Further, it has been proposed a method of manufacturing an encapsulated particle by batchwise treating a primary particle (core particle) and a secondary particle (shell particle) by a homogenizer and aggregating the secondary particles to the surface of the primary particle (for example, Japanese Unexamined Patent Publication JP-A 63-278547 (1988)). The number average particle size of the primary particle (core particle) is from 0.1 to 100 μm. The number average particle size of the secondary particle is ⅕ or less of the number average particle size of the primary particle. The spray pressure in the homogenizer treatment is 29.4 MPa (300 kgf/cm2) or more. In the technique of JP-A 63-278547, it is necessary to pressurize at 54.8 MPa or higher in order to prevent the occurrence of excess aggregation and obtain a particle of uniform grain size.

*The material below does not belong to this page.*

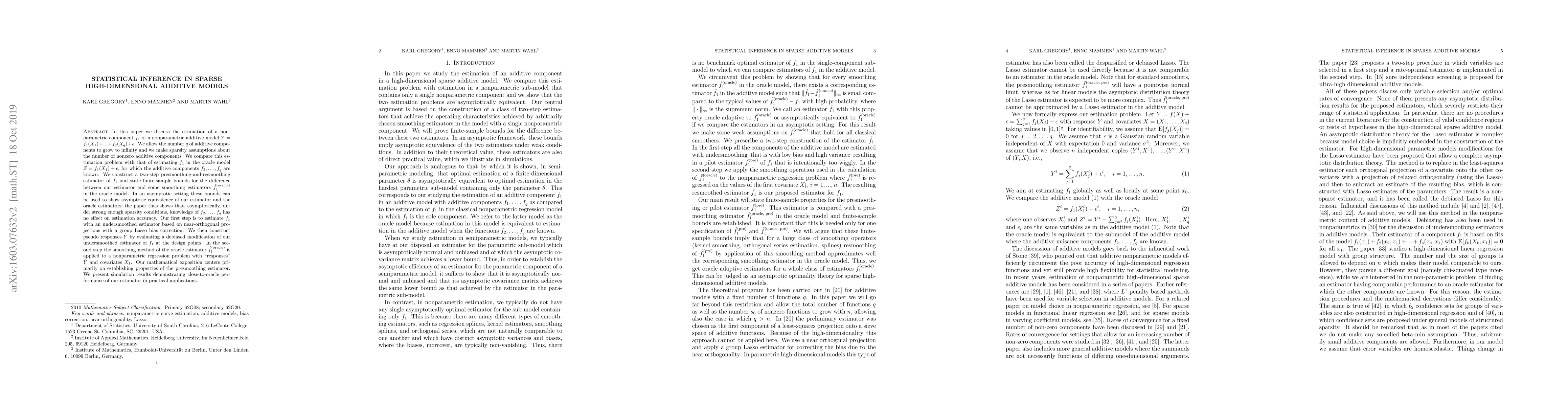 In this paper we discuss the estimation of a nonparametric component $f_1$ of a nonparametric additive model $Y=f_1(X_1) + ...+ f_q(X_q) + \epsilon$. We allow the number $q$ of additive components to grow to infinity and we make sparsity assumptions about the number of nonzero additive components. We compare this estimation problem with that of estimating $f_1$ in the oracle model $Z= f_1(X_1) + \epsilon$, for which the additive components $f_2,\dots,f_q$ are known. We construct a two-step presmoothing-and-resmoothing estimator of $f_1$ and state finite-sample bounds for the difference between our estimator and some smoothing estimators $\hat f_1^{\text{(oracle)}}$ in the oracle model. In an asymptotic setting these bounds can be used to show asymptotic equivalence of our estimator and the oracle estimators; the paper thus shows that, asymptotically, under strong enough sparsity conditions, knowledge of $f_2,\dots,f_q$ has no effect on estimation accuracy. Our first step is to estimate $f_1$ with an undersmoothed estimator based on near-orthogonal projections with a group Lasso bias correction. We then construct pseudo responses $\hat Y$ by evaluating a debiased modification of our undersmoothed estimator of $f_1$ at the design points. In the second step the smoothing method of the oracle estimator $\hat f_1^{\text{(oracle)}}$ is applied to a nonparametric regression problem with responses $\hat Y$ and covariates $X_1$. Our mathematical exposition centers primarily on establishing properties of the presmoothing estimator. We present simulation results demonstrating close-to-oracle performance of our estimator in practical applications.

The homogenizer used in the technique of JP-A 63-278547 is a homogenizer, for example, of a type of colliding a dispersion product at a high pressure against each other (for example, microfluidizer) or a homogenizer of a type of colliding a dispersion product at a high pressure against the inner wall (for example, Manton Gaulin homogenizer) according to JP-A 63-278547, p3, column 5, lines 8 to 18. Since each of the homogenizers has no coiled pipeline, less centrifugal force is added even when the shearing force is added. Accordingly, aggregation occurs between the primary particles to each other or between secondary particles to each other and the aimed encapsulated particles cannot be obtained by a yield at an industrially satisfactory level. In addition, the grain size of the obtained encapsulated particles is not uniform and the width of the grain size distribution is broad. Further, in the technique of JP-A 63-278547, since aggregation is conducted at a high pressure of 29.4 MPa or higher and at 54.8 MPa or higher depending on the case, a pressure proof facility and an arresting facility are indispensable for the practice of an industrial scale and increase in the size of the homogenizer is also required, so that this is not a practical method. Further, since only the secondary particles having a volumic average grain size ⅕ or less of the volumic average particle size of the primary particle can be used, usable secondary particles are restricted.